For the first time in nine months, Alberta found itself back on top, with a 72.7. Saskatchewan (66.4), Manitoba (61.4), and to a lesser extent Ontario (63.7), also gained ground in March. Meanwhile, optimism levels in Newfoundland & Labrador (65.9), Quebec (58.7) and Prince Edward Island (57.6) headed down. BC (71.2), Nova Scotia (57.9) and New Brunswick (56.9) saw little change.

TD Economics blames the harsh winter for business conditions noting GDP grew just 1.4% in the first quarter. But economic analyst Sonny Scarfone says in a bulletin that the bank is forecasting a better Q2 with 2.2% growth.

He also notes only 36% of business owners see their business as being in good shape, which represents an almost four-year low, although it doesn’t appear to be affecting hiring expectations.

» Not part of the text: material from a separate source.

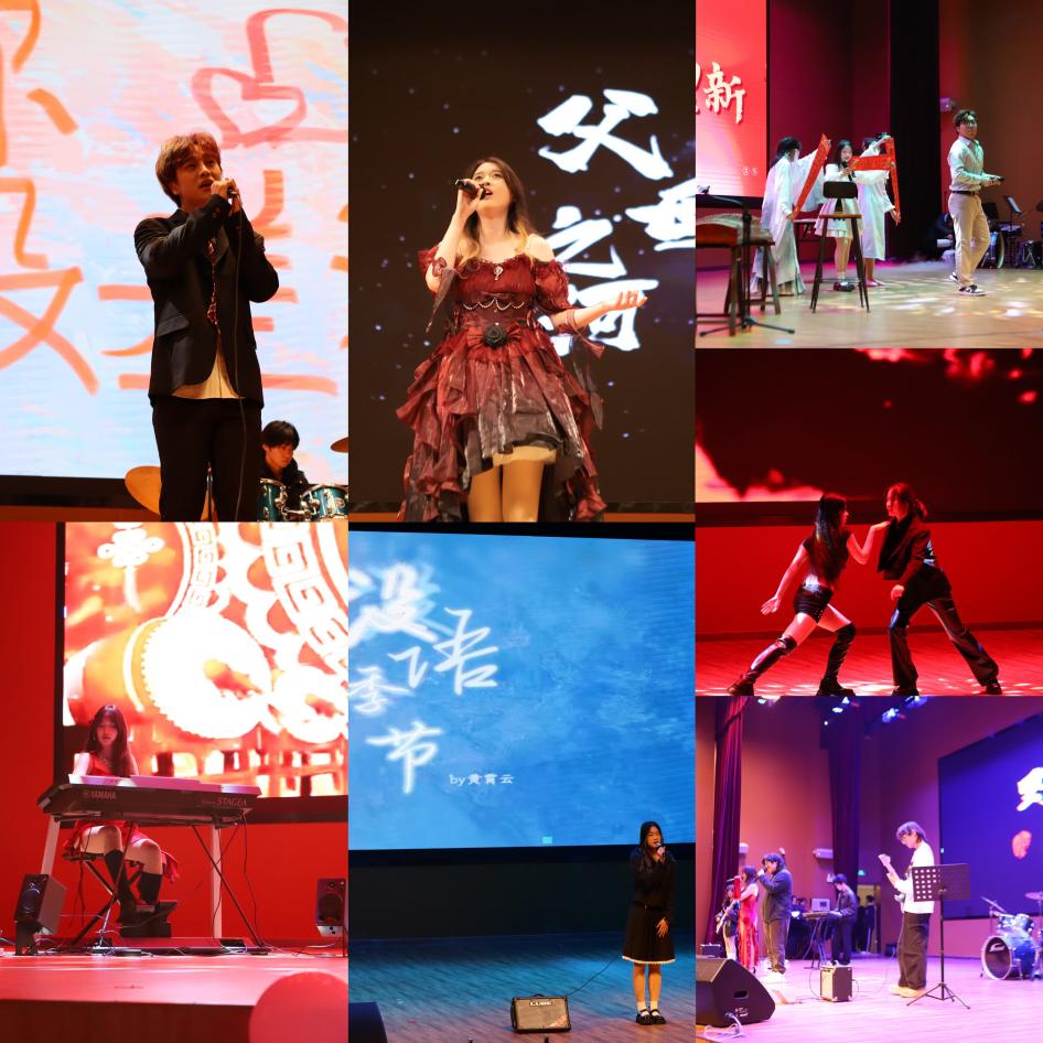 《声声慢》一字一曲缓缓唱来,将同学们的思绪引入第二篇章之中。一曲新疆民族舞蹈,热烈的氛围一下子使会场燃了起来。《年轮》一曲,融合歌曲与舞蹈,创意与技术深得同学们欢心。《父母之河》诵出游子对于黄河的依恋,诉说着思乡之情。随着歌曲的落幕,乐队在灯光下登场了,琴键的触击,鼓声的隆隆,浓烈的情感从《爱你没差》中满溢出来。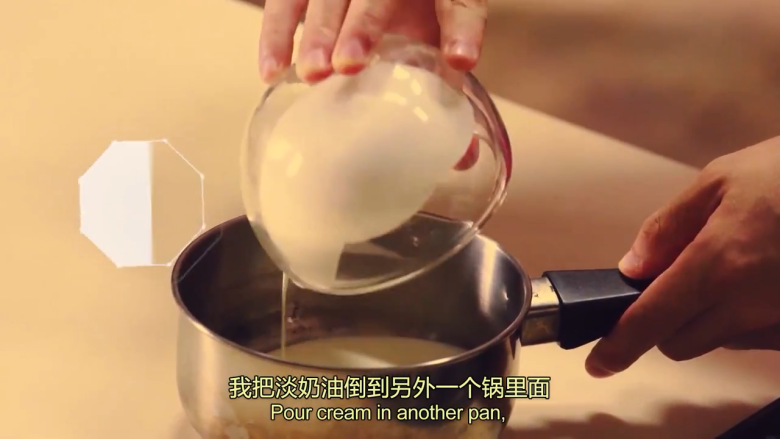 15. 淡奶油放另一个锅里,小火煮热

Although the report represents a setback to an expected convergence between the eastern manufacturing-oriented provinces and the energy-producing provinces, he sees it as we temporary. “The depreciation of the loonie and a flat commodity profile should help level the playing field between provincial growth performances,” he says.

Measured on a scale of 0 and 100, an index level above 50 means owners expecting their businesses’ performance to be stronger in the next year outnumber those expecting weaker performance. Index levels normally range between 65 and 70 when the economy is growing at its potential.

The March 2014 findings are based on 1,115 responses, collected from a stratified random sample of CFIB members, to a controlled-access web survey. Findings are statistically accurate to +/- 2.9% 19 times in 20.